Финансирование: данное исследование проводилось при поддержке Основного проекта Государственного фонда естественных наук Китая (Ш911202), стратегического научно-исследовательского проекта провинции Гуандун (2020В1111370001), проекта уполномоченного по науке и технологиям провинции Гуандун (GDKTP2020053500).
Для цитирования: Чжоу Юнчжан, Чжан Цяньлун, Шэнь Вэньцзе, Сяо Фань, Чжан Яньлун, Чжоу Шиу [и др.]. Построение и применение графа знаний медно-порфировых месторождений // Науки о Земле и недропользование. 2021. Т. 44. № 3. С. 204-218. https://doi.org/10.21285/2686-9993-2021-44-3-204-218.
Introduction
In the present era of big data, data grows explosively, and it tends to be massive, heterogeneous, and loosely organized, bringing serious challenges to effective access to information and knowledge. The fundamental way out is to extend the human brain with the help of machine and machine learning, which urgently needs a language that people and machines can understand together [1-3].
The knowledge graph is one among these technologies. It is an integral part of artificial intelligence technology, known as interpretable artificial intelligence. With its powerful semantic processing ability and open organization ability, it provides an effective tool for knowledge organization and intelligent applications of information in the era of big data. Since the knowledge graph was formally proposed by Google in 2012, it has attracted much attention of researchers and has
been widely used in intelligent search, intelligent Q & A, personalized recommendation, and so on [4-12]1.
This paper presents a case study to construct the knowledge graph, with a porphyry copper mine as a carrier. It introduces the construction algorithm of the geological deposit domain knowledge graph and discusses the extended idea of knowledge graph to Earth system - Metal-logenic system - Exploration system - Prediction and evaluation system.
Methodology
The basis of the knowledge graph is a semantic network to reveal the relationship between entities [13]. It describes the real-world things and their relations in the way of "graph" and stores them in the database in the way of "entity-relationship - entity" triple. As a network, it consists of nodes and edges. A node represents an entity: all kinds of things, existence, and concepts in the real world, which can be either a concrete entity or an abstract concept, such as a known ore point or an abstract porphyry copper concept. Edge represents the relationship between entities, which is represented as attributes in many scenes, such as the location of ore point, rock mass, element content or mineralization time, and process of an ore occurrence. Figure 1 is the representation diagram of knowledge graph entity, attribute, and relationship.

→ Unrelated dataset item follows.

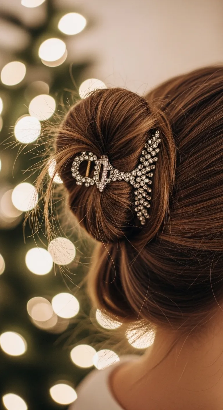 A sleek bun feels calm and tidy. Brush your hair smooth, pull it into a mid or low pony, and twist it into a firm bun. Add one glitter pin or barrette on the side. This tiny detail gives it a Christmas touch without going overboard. A small amount of gel helps keep flyaways down. You don’t need heat or extra tools—just patience for a clean brush-through. This is great for work parties because it stays neat for hours. It also pairs well with bold lipstick or sparkly tops.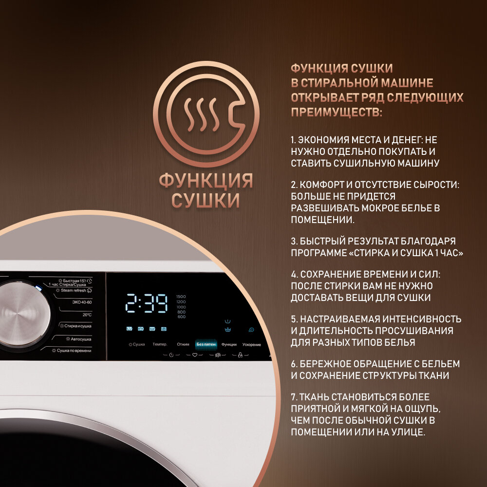 | Режимы сушки | по времени, стирка+сушка, автосушка |

The complete knowledge graph architecture includes Knowledge acquisition, Knowledge
representation, Knowledge storage, Knowledge modeling, Knowledge fusion, Knowledge Computing, Knowledge operation, and maintenance, etc. It is included among the next key technologies and processes:
Ontology modeling. The data model of the knowledge graph is established. In the ontology model, it is needed to construct the concept, attribute, and relationship of ontology. The process of ontology modeling is the basis of the knowledge graph. The high-quality data model can avoid many unnecessary and repetitive knowledge acquisitions, effectively improve the efficiency of knowledge graph and reduce the cost of domain data fusion.
Knowledge acquisition. In the real world, knowledge exists in structured, semi-structured, and unstructured data. Through knowledge extraction technology, different structures and types of data can be extracted into structured data that can be understood and calculated by computer. Knowledge acquisition is to extract knowledge from data of different sources and structures, form structured knowledge and store it in the knowledge graph. For text data, the extraction problems of knowledge acquisition include entity extraction, relationship extraction, attribute extraction, and event extraction.
Knowledge storage. The underlying storage method is designed to store all kinds of knowledge, so as to support the effective management and calculation of large-scale graph data. The objects of knowledge storage include
Fig. 1. Schematic diagram showing the entity, attributes, and relations of a knowledge graph Рис. 1. Схематическая диаграмма, показывающая сущность, атрибуты и отношения графа знаний
1 Peak labs. About OpenKG.CN. Professional Committee of Language and Knowledge Computing Chinese Information Processing Society of China. Available from: http://wp.openkg.cn/?page_id=77 [Accessed 28th February 2021].
basic attribute knowledge, association knowledge, event knowledge, time sequence knowledge, and resources knowledge et. The quality of knowledge storage directly affects the efficiency of knowledge query, knowledge calculation, and knowledge update in the knowledge graph.
Knowledge fusion. Knowledge fusion aims at generating new knowledge and integrating the knowledge from loosely coupled sources to form a synthetic resource to supplement incomplete knowledge and acquire new knowledge. It is an interdisciplinary subject of knowledge organization and information fusion. Hidden or valuable new knowledge can be obtained, the structure and connotation of knowledge be optimized, and knowledge services be provided, through the acquisition, matching, integration, mining, and other processing methods of knowledge on many scattered and heterogeneous resources.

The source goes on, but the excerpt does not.